Each series has 128 measurements, that's why there are almost half million rows at x_train, but only 3810 outputs (y_train). For each measurement we have ten features, which are basically the orientation, angular velocity and acceleration in three dimensions. The orientation channel has a fourth dimension since it's using [quaternions](https://en.wikipedia.org/wiki/Conversion_between_quaternions_and_Euler_angles).

This is a classification problem with nine possible classes (floor surfaces):

In [None]:
plt.figure(figsize=(10,6))
plt.title("Training labels")
ax = sns.countplot(y='surface', data=y)
y.head(3)

Each group_id is a unique recording session and has only one surface type:

In [None]:
y.groupby('group_id').surface.nunique().max()
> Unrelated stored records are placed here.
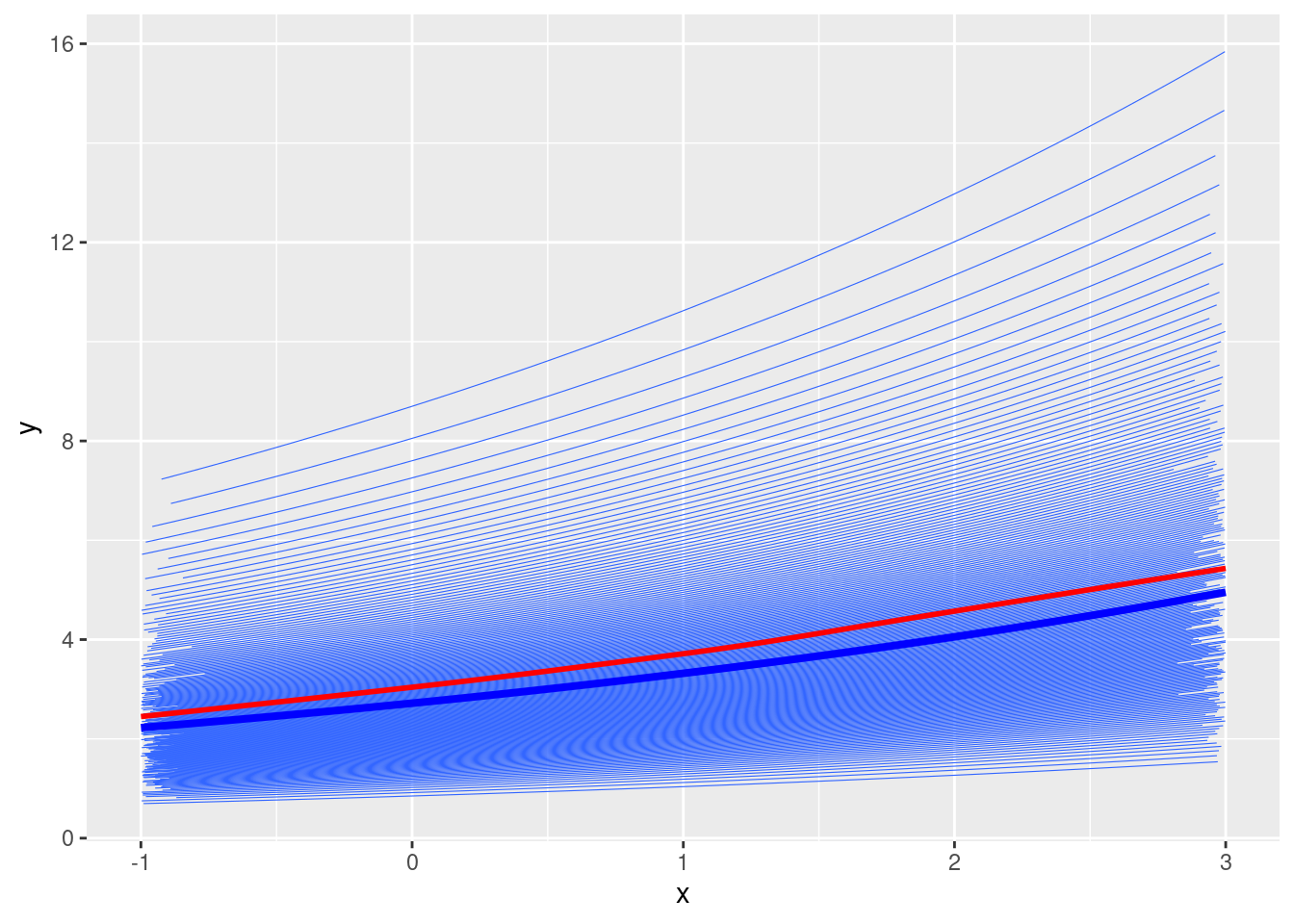 # Fixed effectsgamma0 <-1gamma1 <-0.2# Random intercepts and tau2_u <-0.25# u <- rnorm(num_subjects, mean = 0, sd = sqrt(tau2_u))u <-qnorm(seq(0.01, 0.99, length.out = num_subjects), sd =sqrt(tau2_u))# Simulate mu_{ij}mu <-exp(gamma0 + gamma1 * x + u[subject_id])# Plotdf <-tibble(y = mu, x = x, id = subject_id)ggplot(df, aes(x = x, y = y)) +geom_smooth(aes(group = id), se =FALSE, method ="glm",method.args =list(family =gaussian("log")), size =0.2) +geom_smooth(se =FALSE, col ="red") +stat_function(fun =function(x) exp(gamma0 + gamma1 * x), col ="blue", size =1.4)
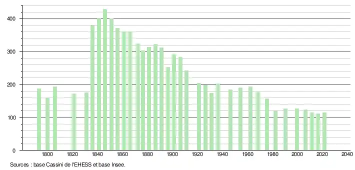 L'évolution du nombre d'habitants est connue à travers les recensements de la population effectués dans la commune depuis 1793. Pour les communes de moins de 10 000 habitants, une enquête de recensement portant sur toute la population est réalisée tous les cinq ans, les populations légales des années intermédiaires étant quant à elles estimées par interpolation ou extrapolation[15]. Pour la commune, le premier recensement exhaustif entrant dans le cadre du nouveau dispositif a été réalisé en 2006[16].
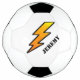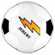 Personalized soccer ball, with graphics of a big lightening bolt decorating one side of the ball. Personalize the black text for yourself or as a great gift idea.
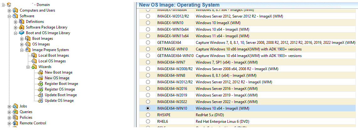 2- Create a new OS Image of type "GETIMAGESX64-WIN10" using Image Prepare System Wizard - New OS Image :
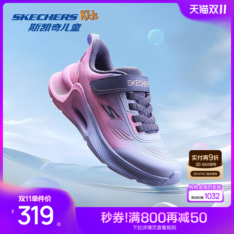 Skechers斯凯奇女童魔术贴运动鞋秋季新款轻量减震潮流跑鞋运
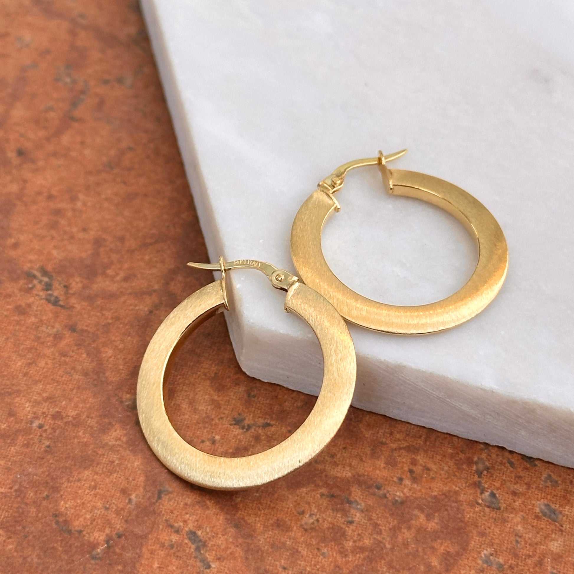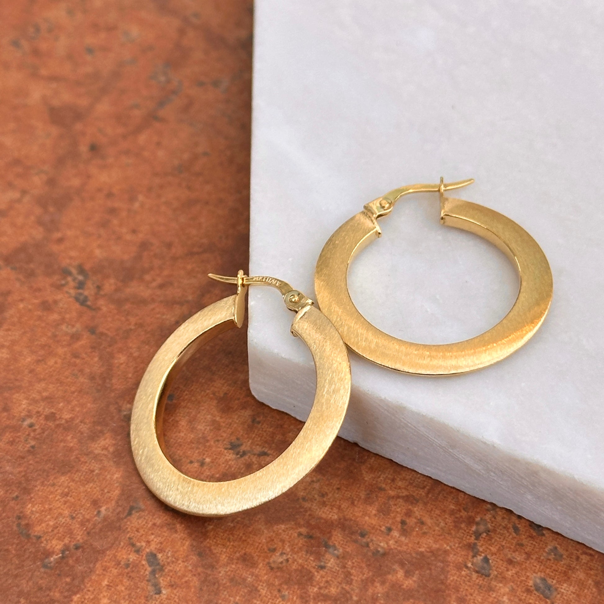 14KT Yellow Gold Satin Matte 31mm Wide Circle Hoop Earrings

<h2>Feature Engineering</h2>

In [None]:
def feature_extraction(raw_frame):
    frame = pd.DataFrame()
    raw_frame['angular_velocity'] = raw_frame['angular_velocity_X'] + raw_frame['angular_velocity_Y'] + raw_frame['angular_velocity_Z']
    raw_frame['linear_acceleration'] = raw_frame['linear_acceleration_X'] + raw_frame['linear_acceleration_Y'] + raw_frame['linear_acceleration_Y']
    raw_frame['velocity_to_acceleration'] = raw_frame['angular_velocity'] / raw_frame['linear_acceleration']
    
    for col in raw_frame.columns[3:]:
        frame[col + '_mean'] = raw_frame.groupby(['series_id'])[col].mean()
        frame[col + '_std'] = raw_frame.groupby(['series_id'])[col].std()
        frame[col + '_max'] = raw_frame.groupby(['series_id'])[col].max()
        frame[col + '_min'] = raw_frame.groupby(['series_id'])[col].min()
        frame[col + '_max_to_min'] = frame[col + '_max'] / frame[col + '_min']
        
        frame[col + '_mean_abs_change'] = raw_frame.groupby('series_id')[col].apply(lambda x: np.mean(np.abs(np.diff(x))))
        frame[col + '_abs_max'] = raw_frame.groupby('series_id')[col].apply(lambda x: np.max(np.abs(x)))
    return frame

In [None]:
train_df = feature_extraction(train)
test_df = feature_extraction(test)
train_df.head()

<h2>Gradient Boosting</h2>

The standard metric for multiclass classification is *multi_logloss* in lightgbm, so I added a custom evaluation metric for multiclass accuracy. Another possible metric is *multi_error*, but there is no description in the documentation.

In [None]:
le = LabelEncoder()
target = le.fit_transform(y['surface'])

In [None]:
params = {
    'num_leaves': 54,
    'min_data_in_leaf': 10,
    'objective': 'multiclass',
    'max_depth': 7,
    'learning_rate': 0.01,
    "boosting": "gbdt",
    "bagging_freq": 5,
    "bagging_fraction": 0.8126672064208567,
    "bagging_seed": 11,
    "verbosity": -1,
    'reg_alpha': 0.1302650970728192,
    'reg_lambda': 0.3603427518866501,
    "num_class": 9,
    'nthread': -1
}

def multiclass_accuracy(preds, train_data):
    labels = train_data.get_label()
    pred_class = np.argmax(preds.reshape(9, -1).T, axis=1)
    return 'multi_accuracy', np.mean(labels == pred_class), True

t0 = time.time()
train_set = lgb.Dataset(train_df, label=target)
eval_hist = lgb.cv(params, train_set, nfold=10, num_boost_round=9999,
                   early_stopping_rounds=100, seed=19, feval=multiclass_accuracy)
num_rounds = len(eval_hist['multi_logloss-mean'])
# retrain the model and make predictions for test set
clf = lgb.train(params, train_set, num_boost_round=num_rounds)
predictions = clf.predict(test_df, num_iteration=None)
print("Timer: {:.1f}s".format(time.time() - t0))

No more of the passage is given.